Our hope is to try and share this information with others so that they can see how bad it could be if they don't act now.
Lyman noted that other pandemic-related factors also played a role. For example, a CDC investigation of a C auris outbreak at a Florida hospital in July 2020 concluded that the multiple layers of gowns and gloves worn by healthcare staff to protect against COVID-19, and repeated doffing and donning of secondary layers, may have led to contamination of base layers and contributed to C auris transmission.
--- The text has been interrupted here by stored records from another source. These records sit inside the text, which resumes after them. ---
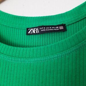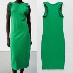 Zara Frill Ruffle Ribbed Knit Midi Dress Bodycon Kelly Green Size S 0962/629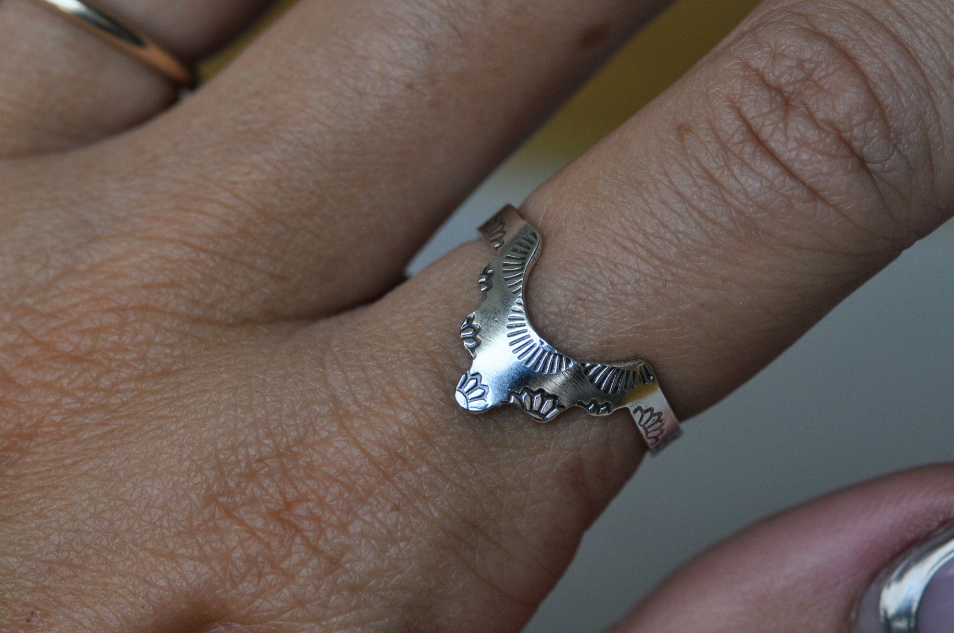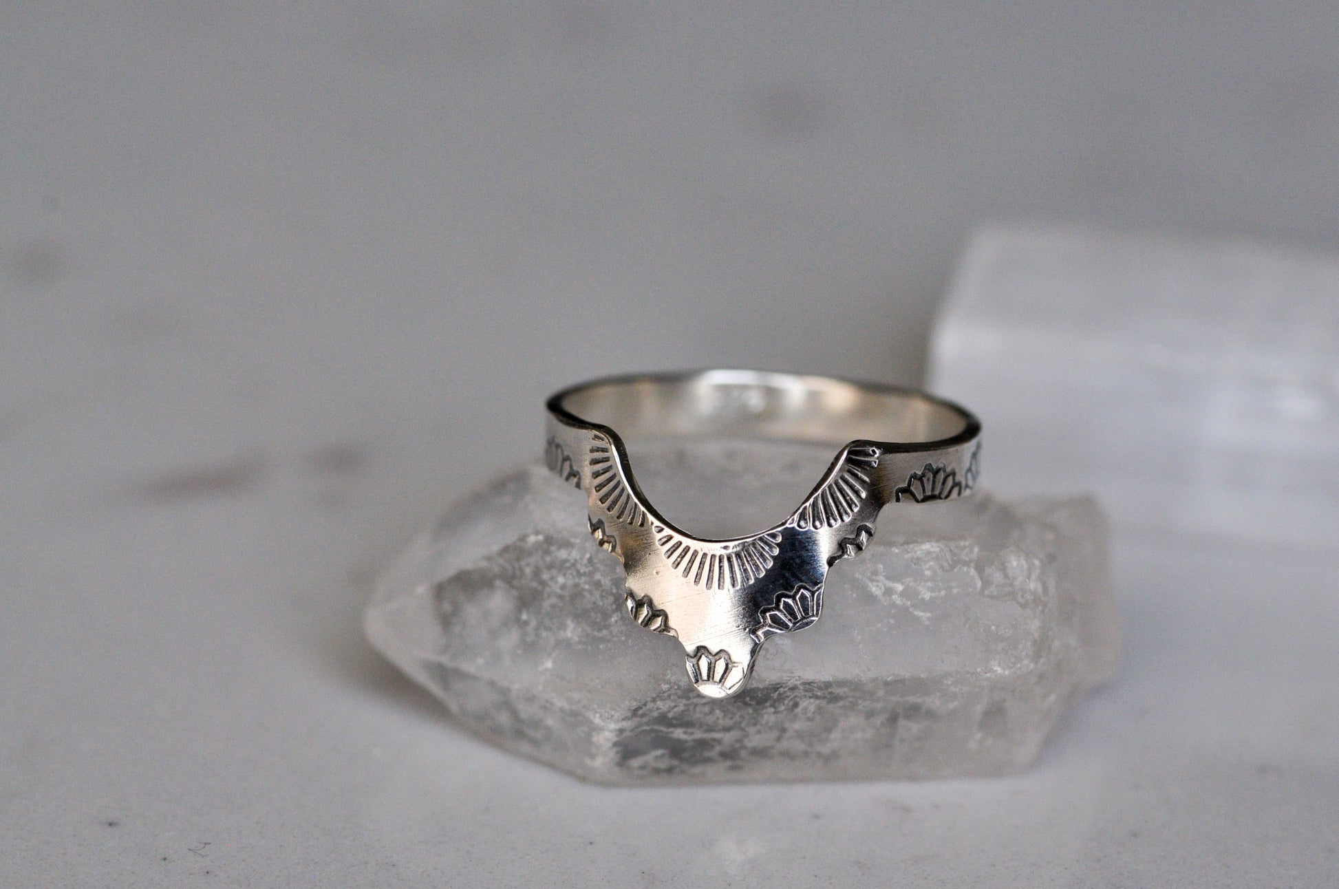 Silver Chevron Band. Each ring is hand sawed and stamped. Perfect to wear with other rings or alone!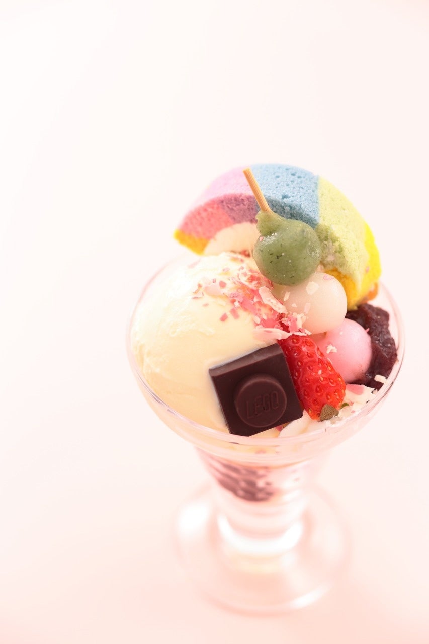 店名「彩(いろどり)」にちなんだあざやかな色彩が特長で、和洋のスイーツを両方楽しめるパフェ。

At other hospitals, strategies to deal with shortages of personal protective equipment (PPE) may have unwittingly caused transmission.
"They were worried about running out of PPE," she said. "So they were using one gown and glove for multiple patients or multiple patient encounters and I think that that may have also contributed to some spread."
Rising resistance
On top of the spike in clinical C auris cases, antifungal susceptibility testing by the CDC Antibiotic Resistance (AR) Lab Network found that 86% of isolates tested in 2020 were resistant to azoles, with resistance rising by 7% from 2019 to 2020, and 26% were resistant to amphotericin B. High resistance to azoles was common in all US regions except the Midwest.
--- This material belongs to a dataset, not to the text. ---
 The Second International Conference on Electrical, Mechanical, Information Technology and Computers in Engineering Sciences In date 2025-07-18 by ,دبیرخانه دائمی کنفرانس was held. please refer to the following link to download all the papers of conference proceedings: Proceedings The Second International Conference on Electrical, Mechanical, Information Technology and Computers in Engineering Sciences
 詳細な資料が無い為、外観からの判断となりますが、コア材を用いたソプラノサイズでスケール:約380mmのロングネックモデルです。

Most concerningly, the number of C auris cases resistant to echinocandins—the first-line treatment for all invasive Candida infections—tripled in 2021 compared with 2020 (rising from 3 to 19), while the number of pan-resistant cases rose from 6 to 7. Investigation of two independent outbreaks of echinocandin- and pan-resistant C auris among patients with shared healthcare exposures found that none had previous exposure to echinocandins, which suggests the cases were healthcare-associated.
Lyman said that while the increase in C auris cases highlights the need for better screening and IPC strategies to limit the spread of the pathogen, there are several examples of healthcare facilities that have been able to control transmission and prevent major outbreaks from occurring. She and her CDC colleagues are hoping that this report will prompt hospital officials to start screening at-risk patients and boosting IPC practices before they even identify a case, so that they can have practices in place to mitigate spread.